Hungarian Prime Minister Viktor Orban, right, and one of his deputies, Zsolt Semjen vote on the amendment of the basic law or constitution concerning migration concerning migration during the session of the Parliament in Budapest, Hungary, Wednesday, June 20, 2018. Hungary has approved a constitutional amendment making it more difficult for refugees to gain asylum in Hungary and passed legislation which threatens people helping asylum-seekers with up to a year in prison. (Szilard Koszticsak/MTI via AP)

Laws to deter asylum-seekers, aid workers passed in Hungary

June 20, 2018 - 1:38 pm

BUDAPEST, Hungary (AP) — Hungarian lawmakers voted to tighten the country's asylum eligibility rules and threatened Wednesday to incarcerate people who help asylum-seekers, votes that coincided with a United Nations' observance dedicated to refugees.

The approved changes include a constitutional amendment making it more difficult for refugees to qualify for asylum depending on how they reached Hungary. For example, asylum-seekers' claims will be rejected if they traveled through countries where they were not persecuted or at risk of persecution.

The criteria would make it possible to turn back Syrian refugees who cross into Hungary from Serbia, like most now do after following a route through the Balkan region to western Europe.

The amendment passed on a 159-5 vote, with lawmakers from Prime Minister Viktor Orban's Fidesz party, a small ally party and the nationalist Jobbik party all in support.

The National Assembly also voted 160-18 to pass the so-called "Stop Soros" law, which allows criminal penalties of up to a year in prison for those convicted of aiding asylum-seekers. Orban blames financier George Soros and civic groups he supports for encouraging mass migration to Europe, charges they deny.

The law applies to "the promotion of illegal immigration" and would criminalize acts such as distributing informational leaflets or organizing "border observation."

"The Stop Soros bill and the constitutional amendment vindicate the will of the Hungarian people, entailing a new, strong protection for the country against illegal migration," Orban's office said after the votes.

Orban has become an unrelenting opponent of immigration, especially by the Muslims he repeatedly calls a threat to Christian Europe. He was elected in April to a third consecutive term, his fourth overall, after campaigning almost exclusively on an anti-migration platform.

Migrants, asylum-seekers and refugees, even those Hungary recognizes as deserving protection, already have been affected by Orban's uncompromising policies. His government has greatly restricted benefits and assistance for people escaping persecution or violence who hope to settle in Hungary.

One of the civic groups targeted by the "Stop Soros" bill is the Hungarian Helsinki Committee, which receives some of its funding from Soros.

"The Hungarian government has decided to persecute instead of to provide protection against persecution," co-chair Marta Pardavi said. "The Hungarian government has followed through with its nasty campaign promise of punishing those who give humanitarian or legal assistance to people who are seeking protection in Hungary."

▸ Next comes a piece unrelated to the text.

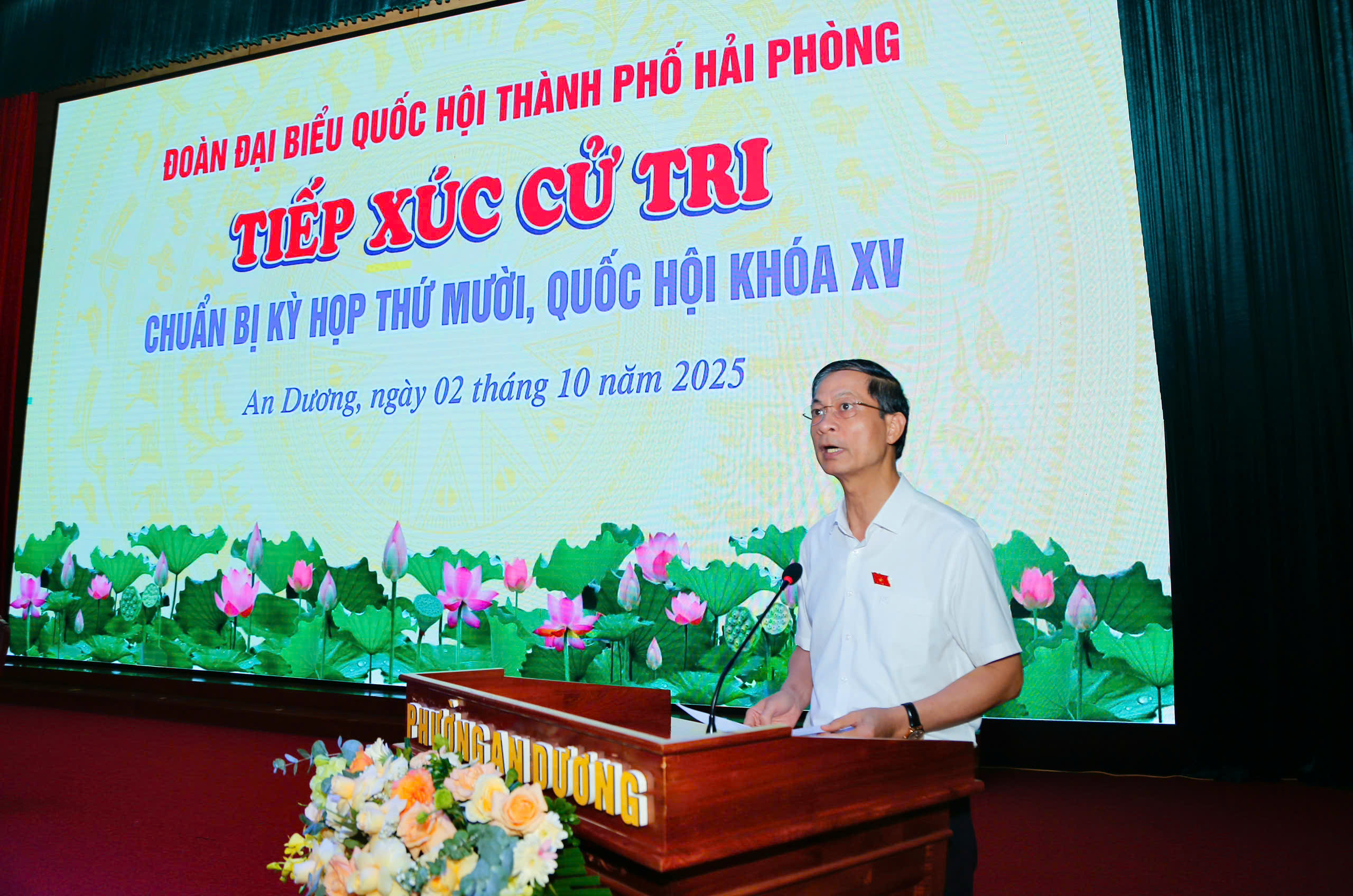 Sáng 2/10, tại Nhà văn hóa phường An Dương, Đoàn đại biểu Quốc hội (ĐBQH) thành phố Hải Phòng gồm các đồng chí: Nguyễn Minh Quang - Phó Chánh Thanh tra Bộ Quốc phòng; Tống Văn Băng - Ủy viên Đoàn Chủ tịch, Trưởng Ban Quan hệ lao động Tổng Liên đoàn Lao động Việt Nam; Đỗ Mạnh Hiến - Phó Bí thư Thường trực Thành ủy đã có buổi tiếp xúc cử tri các phường An Dương, An Hải và An Phong, chuẩn bị cho kỳ họp thứ 10, Quốc hội khóa XV.

Hungary passed the Stop Soros law despite calls from the Council of Europe to wait for an opinion on the legislation experts on its Venice Commission plan to issue Friday. A separate proposal by the Hungarian Finance Ministry would impose a 25 percent "special tax on immigration" on the revenues of civic groups assisting asylum seekers and refugees.

Amnesty International called the new laws "draconian"

"Criminalizing essential and legitimate human rights work is a brazen attack on people seeking safe haven from persecution," Amnesty Europe director Gauri van Gulik said. "It is a new low point in an intensifying crackdown on civil society and it is something we will resist every step of the way."

The amendment included articles unrelated to migration that also legalize long-desired government initiatives. These include a ban on homelessness, the creation of new courts to handle public administration cases, new rules which critics fear will be used to limits protests and an obligation for the Hungarian state to "defend" the country's Christian culture.